Title : Navigating the storm ischaemic CRVO presenting as neovascular glaucoma
Abstract:
Introduction: This case study presents an elderly patient with a complex history of ocular conditions, including diabetic macular edema (DMO). The patient experienced significant complications leading to severe pain and vision loss, highlighting the challenges in diagnosing and managing neovascular glaucoma (NVG) secondary to ischemic central retinal vein occlusion (CRVO).
Case Presentation: An elderly patient was referred from optometry for high intraocular pressure (IOP) in the left eye (LE) (36 mmHg) and two days of eye pain. The LE vision got worse, being previously the better-seeing eye. The patient had a history of right eye (RE) chronic DMO, previously treated with a dexamethasone implant, which resulted in secondary ocular hypertension (OHT) managed with Brinzolamide. Initial examination revealed a poor view of the fundus due to significant hyperemia and a hazy cornea. No neovascularization on the iris (NVI) was visible. The patient reported having LE phacoemulsification a few months prior.
The initial impression was a steroid response leading to increased IOP. The patient was started on oral acetazolamide and dorzolamide/timolol eyedrops for the LE. Despite this, the IOP in the LE increased significantly (41 mmHg), prompting further investigation. On follow-up, ischemic CRVO and NVI in the LE were unmasked after treatment. The patient experienced an unwitnessed fall and developed acute kidney injury (AKI) due to dehydration, leading to admission. He had been using acetazolamide instead of the eyedrops whenever he had eye pain, overdosing because he felt that the drops were ineffective (squirting onto the nose, and into the ear, making him unsteady and causing falls).

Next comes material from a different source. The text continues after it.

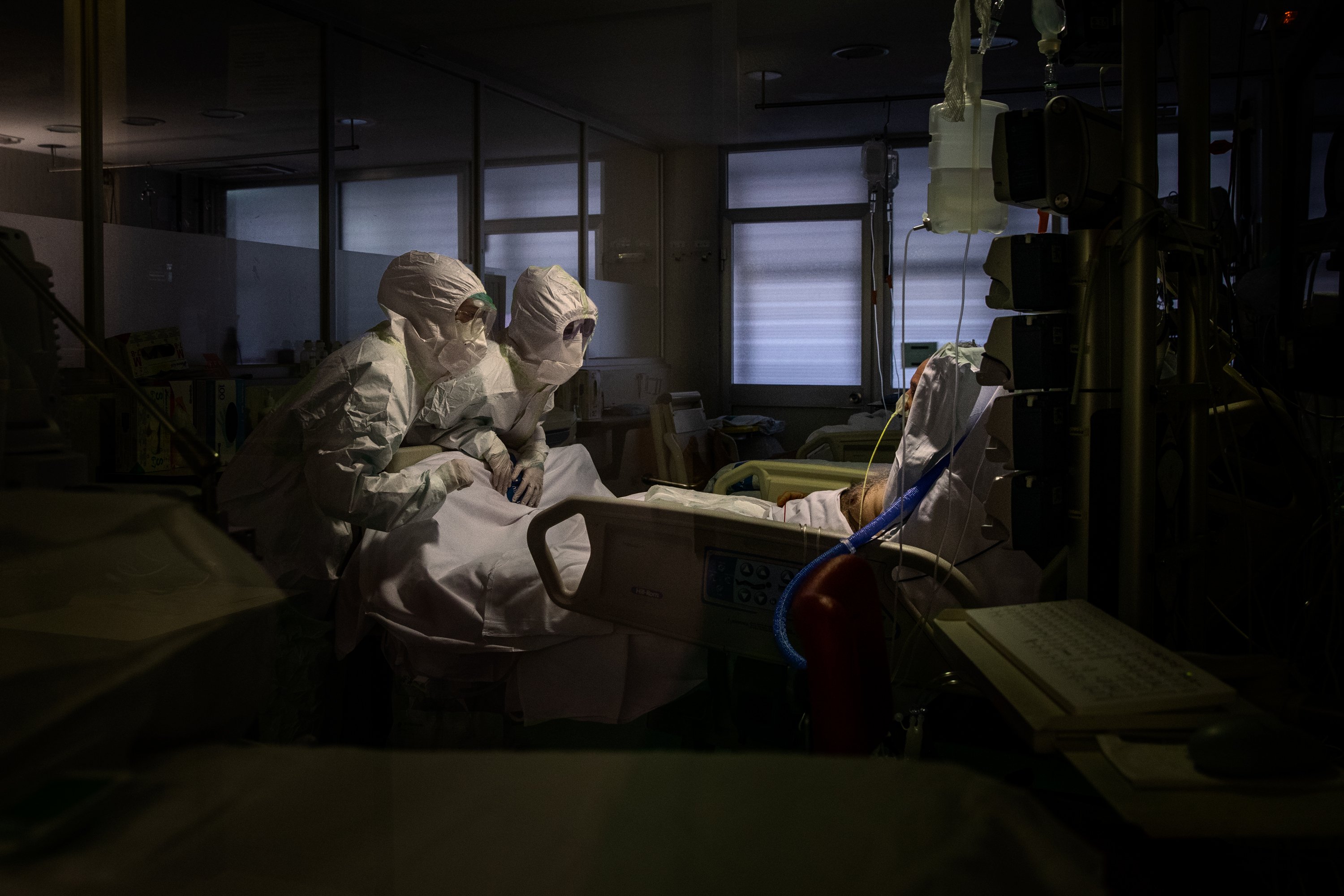 La sección Urgencia recoge imágenes de aquellos protagonistas que combatieron en primera línea. Profesionales sanitarios, militares, etc, son algunos de los protagonistas de estas imágenes que son “fragmentos de un momento histórico que ha sido embestido para hacernos entender que no todo es tiempo presente, sino tiempo inminente. Nos hemos transformado en la manifestación del tiempo, en su despliegue, en su medida".

Due to the fluctuating IOP, laser coagulation of the ciliary body was performed. Post-procedure, the LE showed an impressive reduction in IOP (16 mmHg). Panretinal photocoagulation was recommended, but the fundal view was obscured by inflammation, preventing the procedure. This necessitated hourly steroid therapy. An orbital floor depot injection of triamcinolone was administered to reduce the steroid drop burden upon discharge. Despite these interventions, the patient continued to experience pain and fluctuating eye discomfort, necessitating continuous management with glaucoma eyedrops and prednisolone.
Conclusion: This case underscores the importance of a comprehensive and multidisciplinary approach in managing complex ocular conditions. The rapid development of NVG following ischemic CRVO within two weeks and the difficulty in initial diagnosis due to corneal haziness highlight the diagnostic challenges. The case also illustrates the critical need for careful medication management and close monitoring to prevent complications in patients with cognitive issues and a lack of social support.
Audience Takeaway
- Understanding the complexities involved in diagnosing NVG secondary to CRVO, especially when initial evaluation is obstructed by corneal haziness and hyperaemia, which can obscure critical diagnostic signs such as neovascularization.
- Recognising the critical need for careful medication management and monitoring to prevent unwanted complications, particularly in elderly patients with potential cognitive impairments and inadequate social support.
- Gaining insights into the treatment options for managing NVG secondary to ischemic CRVO, including the use of cyclodiode laser treatment, intravitreal injections, and intensive steroid therapy, along with their limitations and potential complications.